NASA has developed a novel method to render visible the density changes in air that cause a refractive index change by an airborne vehicle. These density changes include shock waves, vortices, engine exhaust, and wakes. The determination of location and strength of shock waves and vortices is fundamental to understanding the flow around an aircraft. These features are strong enough to affect the environment that the vehicle inhabits; for example, they can cause drag and/or produce undesirable noise. The researcher must be able to predict and mitigate the effects of these flow features.
This invention is a robust visualization technique that will permit the measurement of the strengths and positions of shock waves caused by supersonic vehicles. The technique is applicable to all flight regimes, however, and can be used for visualizing tip vortices and engine exhaust plumes.
The invention is an imaging method that requires very simple optics on an airborne vehicle, a camera with an appropriate lens, and an area on the ground that provides visual texture. The complexity with this method is in the image processing and not as much with the hardware or positioning, making Background Oriented Schlieren (BOS) an attractive candidate for obtaining high-spatial-resolution imaging of shock waves and vortices in flight. First, images are obtained of a visually textured background pattern from an appropriate altitude. Next, a series of images is collected of a vehicle in flight below the observer vehicle and over the same spot on the ground that serves as a background pattern. Shock waves are deduced from distortions of the background pattern resulting from the change in refractive index due to density gradients.

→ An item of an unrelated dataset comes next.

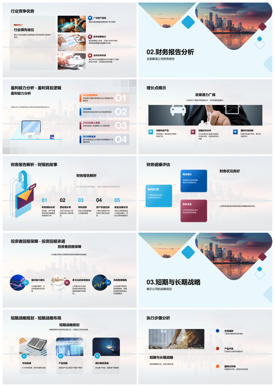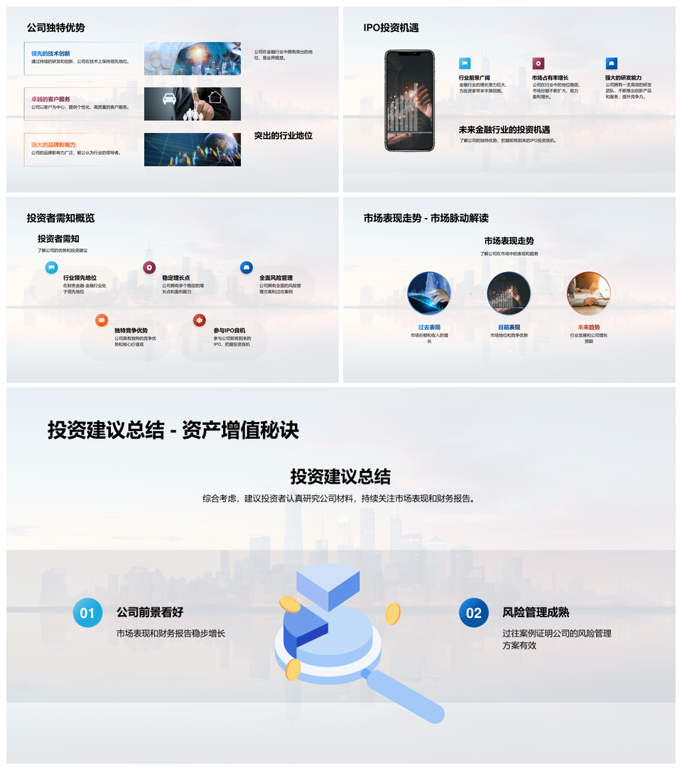 这是一张金融精准导航企业IPO路演财报盈利风险摩天PPT模板,包含金融、精准导航、企业、IPO、路演、财报、盈利、风险、摩天等主题内容,也可用作金融精准导航企业IPO、精准导航企业IPO路演、导航企业IPO路演财报、企业IPO路演财报盈利、IPO路演财报盈利风险、路演财报盈利风险摩天、金融企业IPO路演财报、导航IPO路演盈利风险、企业财报盈利风险摩天、金融IPO路演盈利风险、精准企业财报盈利风险、导航路演财报盈利风险、IPO财报盈利摩天风险、金融精准企业路演财报、企业路演盈利风险摩天等PPT场景使用。 风云办公提供的金融精准导航企业IPO路演财报盈利风险摩天PPT模板,下载格式为pptx,一共33页,作品中文字及图均可以修改和编辑,图片更改请在作品中右键图片并更换,文字修改请直接点击文字进行修改。

The invention requires special software to create the Schlieren images. The Schlieren image is a contour plot of a two-dimensional data array of measured distortions, in pixel units. The results are used by researchers to help understand the flow phenomenon and compare to computational models. The BOS method also yields measured deflection distances that can be used to determine the strength of a given density gradient. The system design and flight planning were based on the camera characteristics, airplane coordination, and airspace limitations.